И, конечно, нельзя пройти мимо того обстоятельства, что в тексте «Заката Европы» есть фраза, которая предвосхищает такой исследовательский прием Бахтина, как установление связей между отдельной формой музыкального творчества и явлением, относящимся к иной сфере интеллектуально-художественной деятельности. Фраза эта сводится к перечню корреляций, объединяющих, казалось бы, полностью автономные феномены, среди которых нашла свое место и полифония. Данный перечень, впрочем, помещен в оправу риторического вопроса, поскольку, как полагает Шпенглер, способность увидеть «морфологическое сродство» внешне чуждых явлений — вещь крайне редкая, хотя и желательная. «Кому известно, — вопрошает Шпенглер, имея в виду современное ему научное гуманитарное сообщество, — что существует глубокая общность форм между дифференциальным исчислением и династическим государственным принципом эпохи Людовика XIV, между государственным устройством античного полиса и Эвклидовой геометрией, между пространственной перспективой западной масляной живописи и преодолением пространства при помощи железных дорог, телефонов и дальнобойных орудий, между контрапунктической инструментальной музыкой и экономической системой кредита?»

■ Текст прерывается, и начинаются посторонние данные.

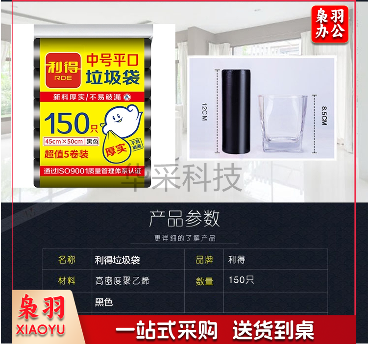 中号垃圾袋袋子150只家用实惠5卷装45*50cm垃圾分类黑色

Если бы впоследствии Шпенглер ознакомился с «Проблемами творчества Достоевского», то, без сомнения, внес бы Бахтина в короткий, но почетный список людей, которым ведомо осознание «глубокой общности» различных культурных форм. Однако гипотетические встречи — предмет альтернативной истории, а нас интересует история реальная, поэтому мы возвращаемся к характеристике содержания и композиции книги, на долгие годы ставшей настоящей «визитной карточкой» Бахтина.
Вторая, третья и четвертая главы первой части «Проблем творчества Достоевского» сводятся к подробной характеристике «относительной свободы и самостоятельности героя и его голоса в условиях полифонического замысла», «особой постановки идеи в нем» и «новых принципов связи, образующих целое романа».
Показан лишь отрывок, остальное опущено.